Plain Talk
By
Mursi Saad El-Din
I will probably never venture to use a computer. Somehow I get a sense of satisfaction from using a pen to trust my thoughts to paper. No doubt there is a degree of intimacy between a writer and his pen -- or pencil for that matter. I used to know some writers who preferred pencil to pen, because it facilitated rewriting in a similar way to word processing. Typewriters and computers are cold metal structures that have none of the warmth a pen or pencil can give. Come to think of it, the greatest classical literature -- fiction, poetry, drama -- were produced long before the typewriter or the computer were known.
I might seem to be digressing. The thought that originally drove me to write is one that has obsessed me for some time now, in fact since I started writing regularly in both Arabic and English. I was worried that I might be turning into a writer by commission, like those court poets who produced poems for all occasions. This led to the question, "Why do I write in the first place?" Then, suddenly, I remembered an article by Eugene Ionesco, the author of, among other works, The Rhinoceros, which was published in the September 1964 issue of my then favourite magazine, Encounter. The article, "A Writer's Problem", put forth a possible answer to that question.

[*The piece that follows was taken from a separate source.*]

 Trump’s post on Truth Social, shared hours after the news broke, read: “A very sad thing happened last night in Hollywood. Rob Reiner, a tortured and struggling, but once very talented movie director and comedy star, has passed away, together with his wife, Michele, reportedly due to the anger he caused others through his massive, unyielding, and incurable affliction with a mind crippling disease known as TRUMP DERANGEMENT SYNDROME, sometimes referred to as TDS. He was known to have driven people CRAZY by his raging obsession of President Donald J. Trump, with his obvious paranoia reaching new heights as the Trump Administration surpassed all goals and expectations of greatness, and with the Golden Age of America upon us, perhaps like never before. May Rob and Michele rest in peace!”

The article opens the statement, "You ought to know," with which the answer replies to himself. "You ought to know, because you read your writings, and, if you read them... the explanation must be that you have found something valid in them, some form of nourishment, something that corresponds to your need."

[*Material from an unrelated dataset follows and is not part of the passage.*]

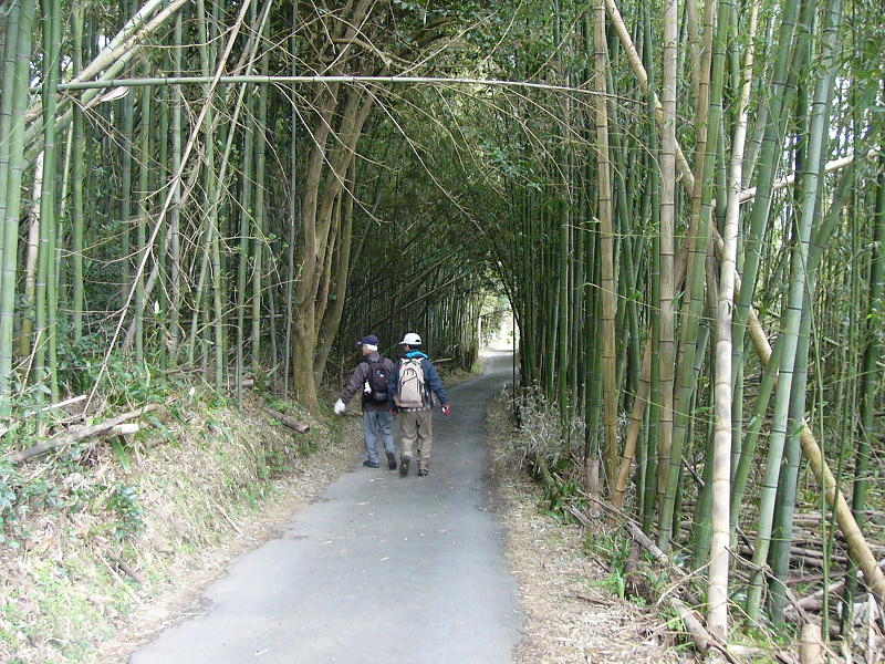 13:48 | 道は両側からの竹に挟まれてトンネルを潜るように南へ続く |

Once alone, it seems, everyone, especially the writer, asks himself questions -- about the reasons behind what he does with his life. Questions follow each other in Ionesco's article: "Why do I write;" "What does the activity correspond to;" "Do I have more to say than other people;" "Am I trying to assert myself, that is, justify my existence;" "Is it because I am afraid of death and want to go on living in other people after my physical decease..." And so it continues, concluding with perhaps the most evocative question of all, "Or is it simply that creation is an instinctive, extra-conscious necessity -- imagining, inventing, discovering and creating being functions as natural as breathing?" Ionesco's answer is that the author himself is not fully aware of what he is doing. He is deceived. He will have a conscious intention, of course. For instance he may set out to prove something, and imagine that what he is trying to prove is the essential part of his work. Then he, or someone else, a critic, notices that what he has created is different or more important from what he took to be the essential thing.

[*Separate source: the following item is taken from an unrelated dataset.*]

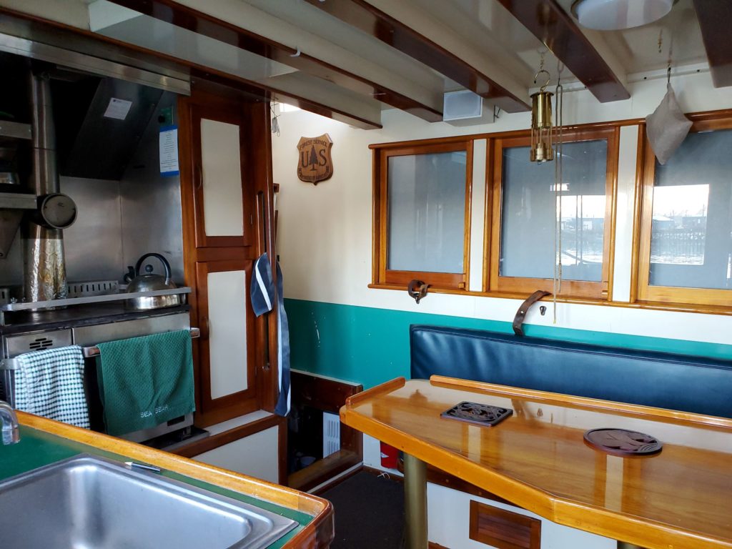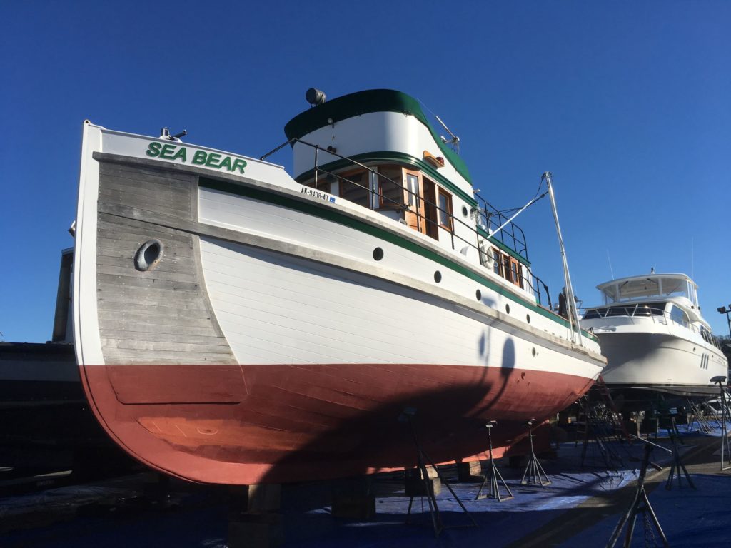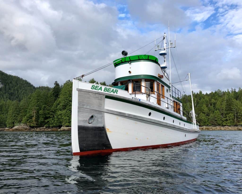 “Sea Bear”, built in 1932, was originally named “Forester” and was built for the US Forest Service Ranger Boat Fleet in Alaska, where she served from 1932-1964. As “Forester”, she plied SE Alaska waters for over 30 years, conducting patrols, rescues, and surveys.After leaving the Forest Service in 1964, she went into private ownership and was renamed “Sea Bear”, working first as part of a bear guiding operation and then as a timber skidder, all in SE Alaska.

Ionesco remarks that the writer himself is often astonished at the effects of his work on others -- something that drives him to write about criticism. A criticism is valid, he claims, in so far as it does not reflect the commonplaces of the current critical and intellectual systems. A criticism or an interpretation is a good one only in so far as the critic or interpreter approaches the work with a fresh eye, sincerely and objectively forging his own connection with it. The bad critic is "the arrogant one, who wants to foist himself upon the work, and who assumes a superior attitude towards it. Instead of adopting the schoolmasterish approach, the critic should be the pupil of the work", he writes.
To write, Ionesco believes, is to think in motion; to write is to explore. The critic must repeat the itinerary of the writer, who will have progressed in a kind of darkness or twilight. The critic, however, covers the same ground with a lamp in his hand and illuminates the path. It is his business to notice the drawbacks in the writing. A writer writes, forgetting about all the other works of literature he may happen to know. The critic, ideally, should remember everything in existence, if only to tell us whether or not the work is a repetition. I must admit that I continue to enjoy Ionesco's article immensely. In it he deals with a number of major issues relating to the writer, but the one thing he does not seem to have answered is, "Why do writers write?"